Unlike other modes of communication humans are used to, rules resulting from algorithmic analysis of data do not provide clues relating to the importance of individual conditions, since rules often place conditions of vastly different importance side by side, not even maintaining the order from the most important to the least important. Such computer-generated rules violate conversational rules or “maxims”, because they contain conditions which are not informative or relevant.888The relevance maxim is one of four conversation maxims proposed by philosopher Paul Grice, which was brought to relation with the conjunctive fallacy in the work of Gigerenzer and Hoffrage (1999) (see also (Mosconi and Macchi, 2001)).
In summary, the application of the unit bias in the context of rule learning can result in gross errors in interpretation. When domain knowledge on the meaning of the literals in the rule is absent, the unit bias can manifest particularly strongly.
We conjecture that informing analysts about the discriminatory power of the individual conditions (literals) may alleviate unit bias. Such indicator can possibly be generated automatically by listing the number of instances in the entire dataset that meet the condition. Second, rule learning algorithms should ensure that literals are present in the rules in the order of significance, complying to human conversational maxims.

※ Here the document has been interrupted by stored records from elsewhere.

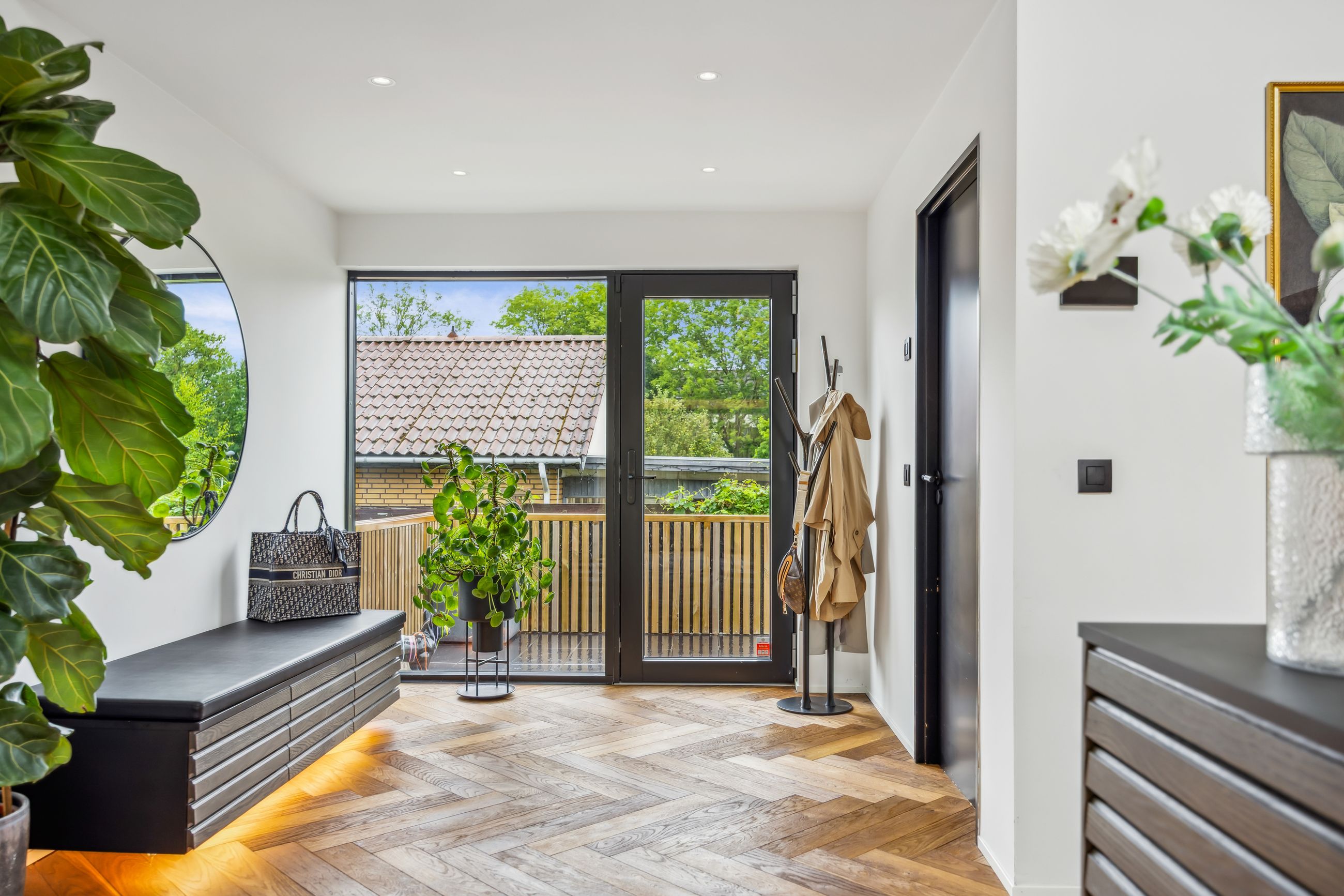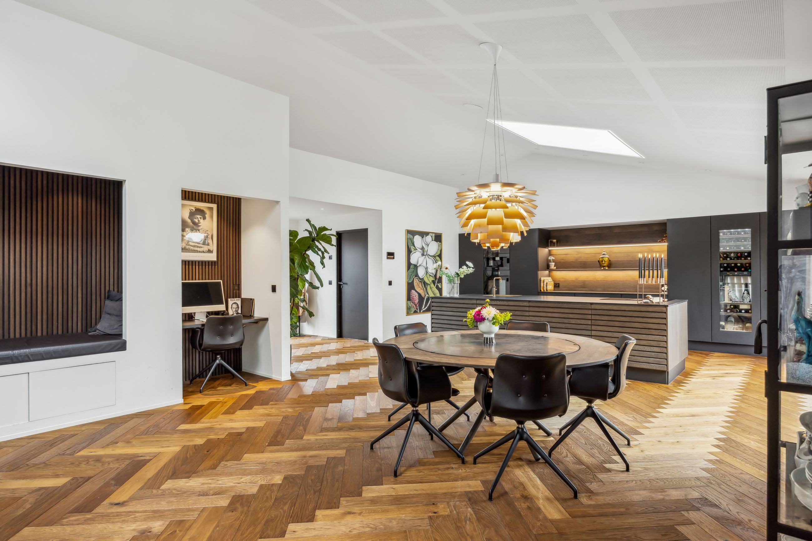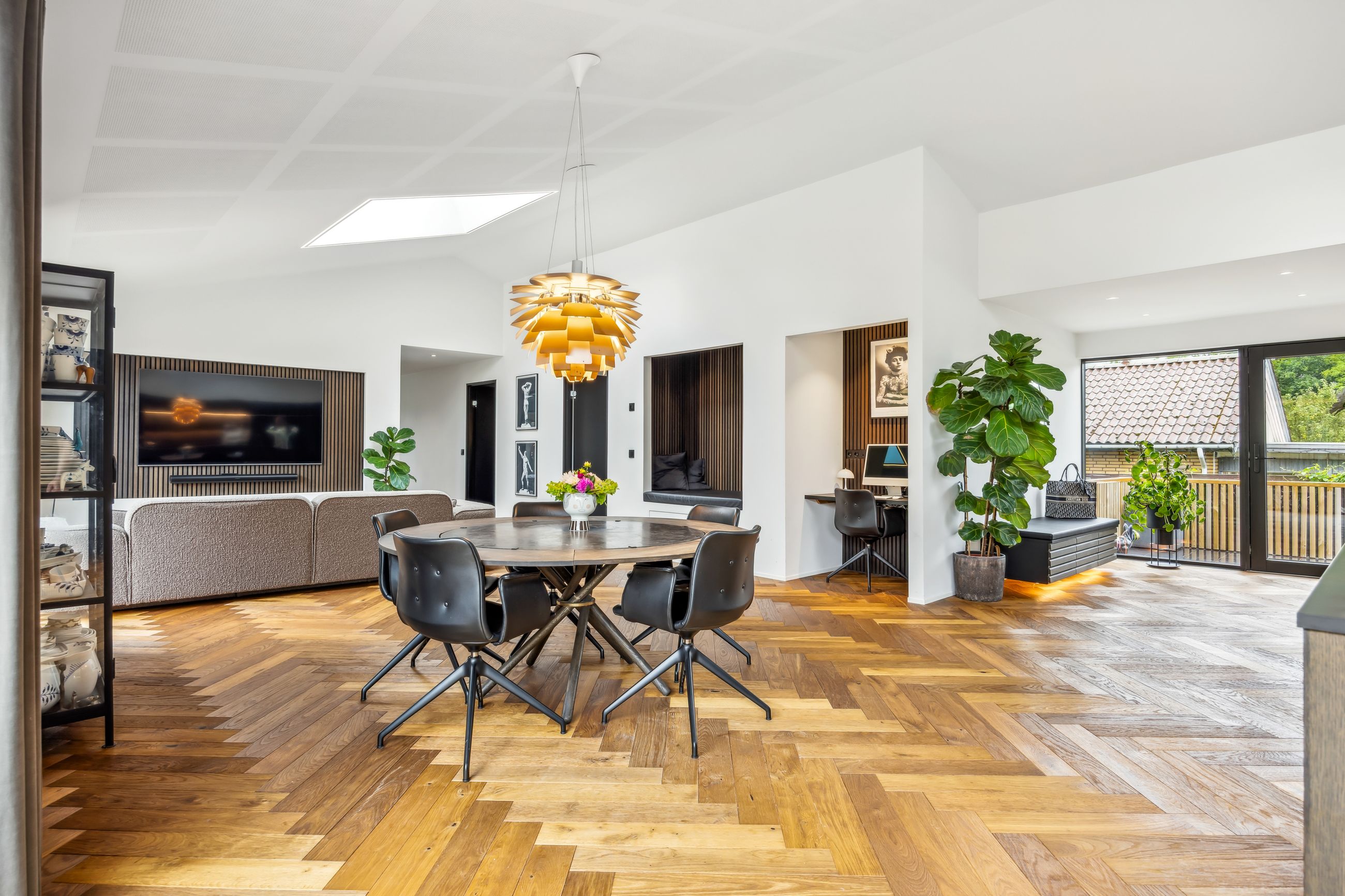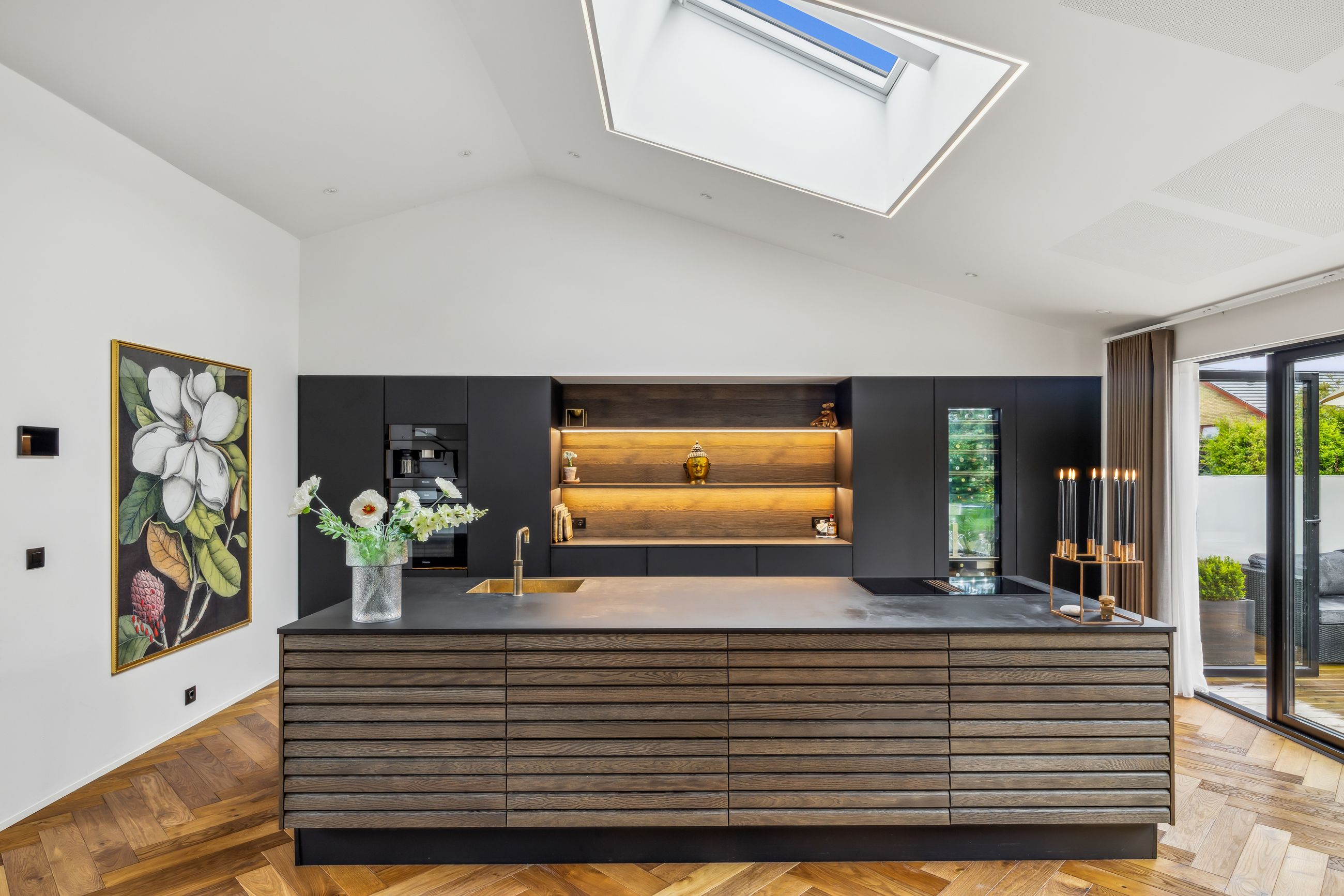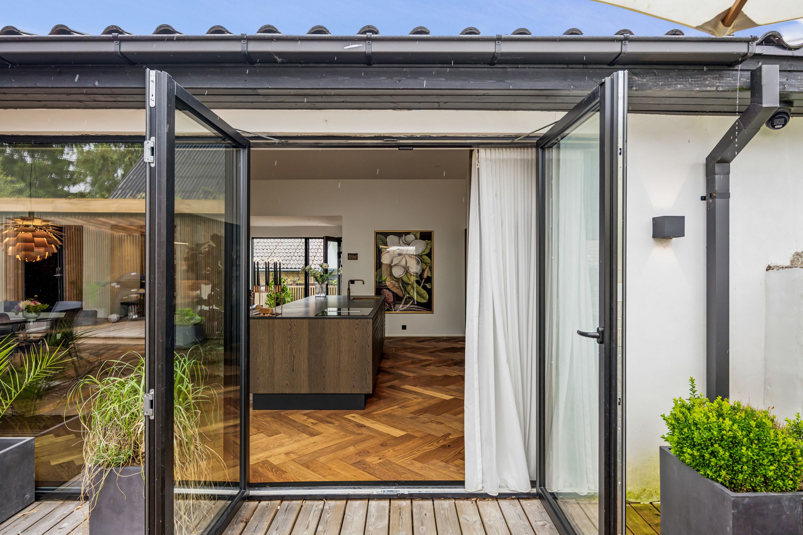 Indenfor mødes du af smukke, massive hårdtbørstede sildebensgulve i specialmål med behagelig gulvvarme overalt. Køkkenalrummet imponerer med loft til kip, indbygget Sonos i loftet, stor køkkenø med masser af plads og dobbelte Velux-vinduer over sofa, seng og badekar, hvorfra man kan nyde den smukke himmel. Hårdehvidevarerne er topmodeller fra Miele – alt med touch – herunder ovn med kamera og trådløst stegetermometer, vin-køleskab med sommelier-sæt, fryser med isterningefunktion, kaffemaskine der med ét tryk laver din yndlings cafékaffe og Quooker med brus.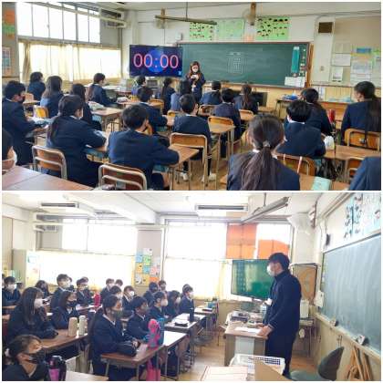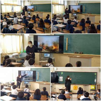 1年生の教室では、地震により火災が発生した際の写真や、地盤が傾き電車が線路から落ちている写真などを見ながら地震が起きた時の避難の仕方について話を聞いていました。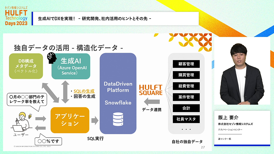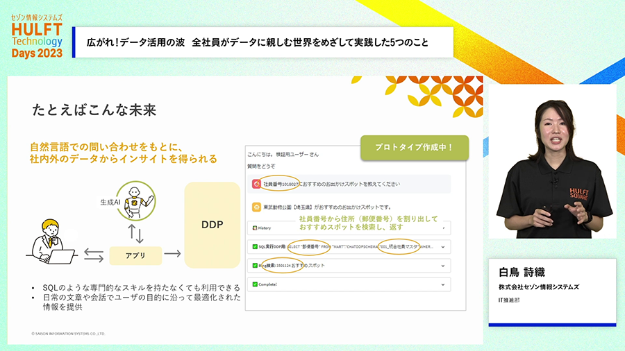 DWHを使って実現している全社データ基盤では、対象となるデータがどこにどういう形で入っているか理解してから検索や集計を行うSQLクエリを作る必要があります。生成AIを活用することで、利用者はDWH上のデータ構造やデータがどこにあるかを気にすることなく利用できる環境の実現に取り組んでいます。利用者は生成AIに欲しい情報を問い合わせるだけで、生成AIがDWHに対して必要なSQL問い合わせを生成し、それを用いて生成AIが回答を作ってくれるような仕組みです。

6 A Model for Rule Plausibility and Recommendations for Interpretable Rule Learning
Based on literature review and partly on experimental results presented in (Kliegr, 2017), we propose a graphical model of the plausibility of rules. The model is intended to raise awareness about the effect of cognitive biases on perception of rule learning results among the designers of machine learning algorithms and software. It suggests which cognitive biases might be triggered when humans assess plausibility of inductively learned rules and whether they influence plausibility. To some extent similar model describing general factors influencing plausibility assessment of a hypothesis was proposed in Gettys et al. (1978, 1986). In our model, we focus on inductively learnt rule and cognitive biases.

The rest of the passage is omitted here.